> **Action item**
Among the entries below, only the lines from the one with "a. When clicking" through the one with "Мосгорсуд 8 октября" are to be retyped, exactly and without pictures.

> **Task data**
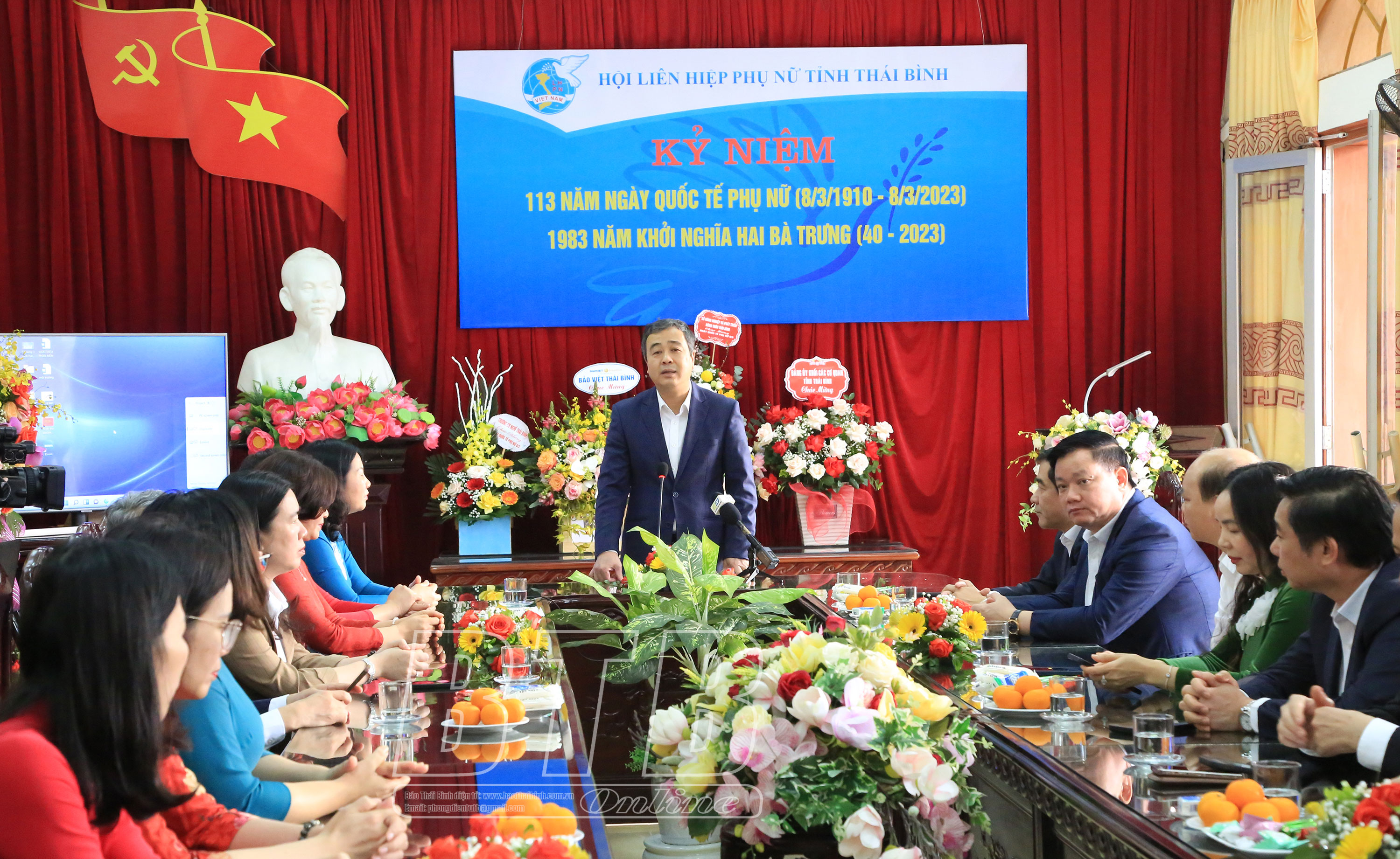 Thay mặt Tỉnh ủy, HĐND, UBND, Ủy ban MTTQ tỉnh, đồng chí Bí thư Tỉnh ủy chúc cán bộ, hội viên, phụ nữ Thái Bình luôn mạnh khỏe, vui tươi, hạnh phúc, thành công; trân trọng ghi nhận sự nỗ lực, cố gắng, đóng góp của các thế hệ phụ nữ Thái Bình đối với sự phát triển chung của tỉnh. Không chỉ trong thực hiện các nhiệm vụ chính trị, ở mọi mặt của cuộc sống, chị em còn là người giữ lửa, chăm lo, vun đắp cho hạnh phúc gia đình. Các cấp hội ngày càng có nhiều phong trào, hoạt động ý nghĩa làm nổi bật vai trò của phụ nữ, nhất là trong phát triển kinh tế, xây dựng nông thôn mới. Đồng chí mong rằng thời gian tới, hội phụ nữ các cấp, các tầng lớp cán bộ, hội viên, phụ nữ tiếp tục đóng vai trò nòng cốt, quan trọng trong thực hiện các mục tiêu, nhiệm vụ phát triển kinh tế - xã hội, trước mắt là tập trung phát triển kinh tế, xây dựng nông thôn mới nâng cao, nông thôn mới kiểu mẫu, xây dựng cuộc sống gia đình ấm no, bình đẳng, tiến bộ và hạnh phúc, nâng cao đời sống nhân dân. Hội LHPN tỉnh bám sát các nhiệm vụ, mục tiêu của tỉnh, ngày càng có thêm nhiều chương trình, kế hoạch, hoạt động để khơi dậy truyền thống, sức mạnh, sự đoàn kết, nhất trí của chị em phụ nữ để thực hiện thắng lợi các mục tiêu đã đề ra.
...
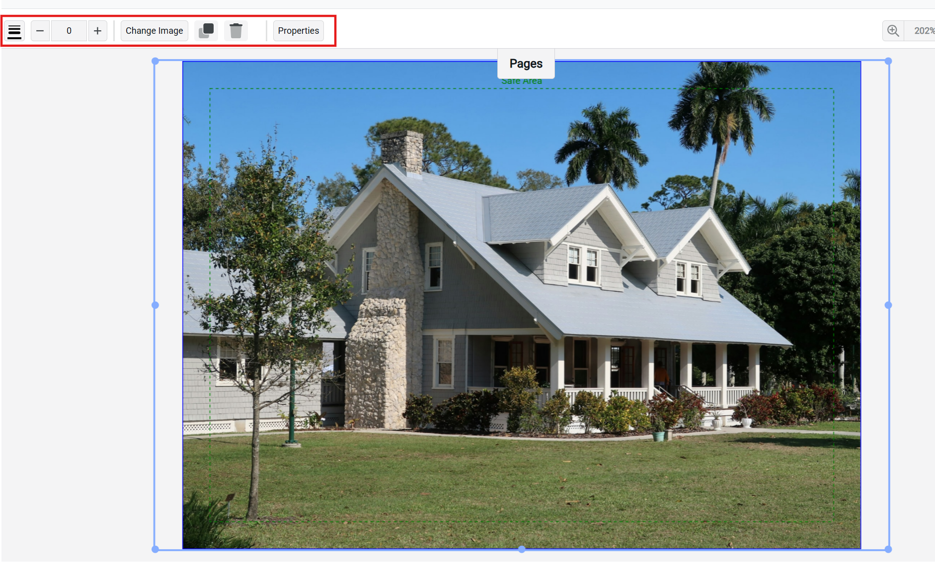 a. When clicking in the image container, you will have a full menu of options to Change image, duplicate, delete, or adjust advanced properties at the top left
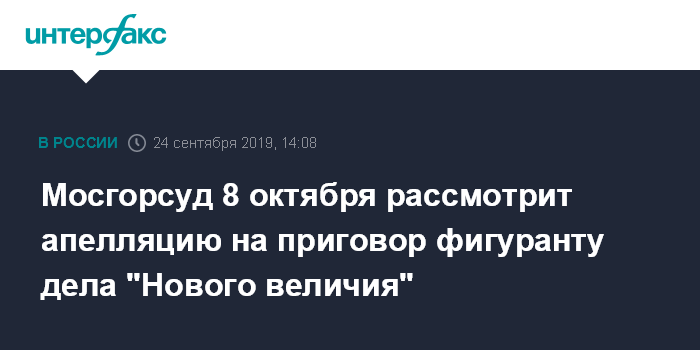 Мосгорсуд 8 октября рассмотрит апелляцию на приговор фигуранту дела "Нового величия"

> **Written reply**
 a. When clicking in the image container, you will have a full menu of options to Change image, duplicate, delete, or adjust advanced properties at the top left
 Мосгорсуд 8 октября рассмотрит апелляцию на приговор фигуранту дела "Нового величия"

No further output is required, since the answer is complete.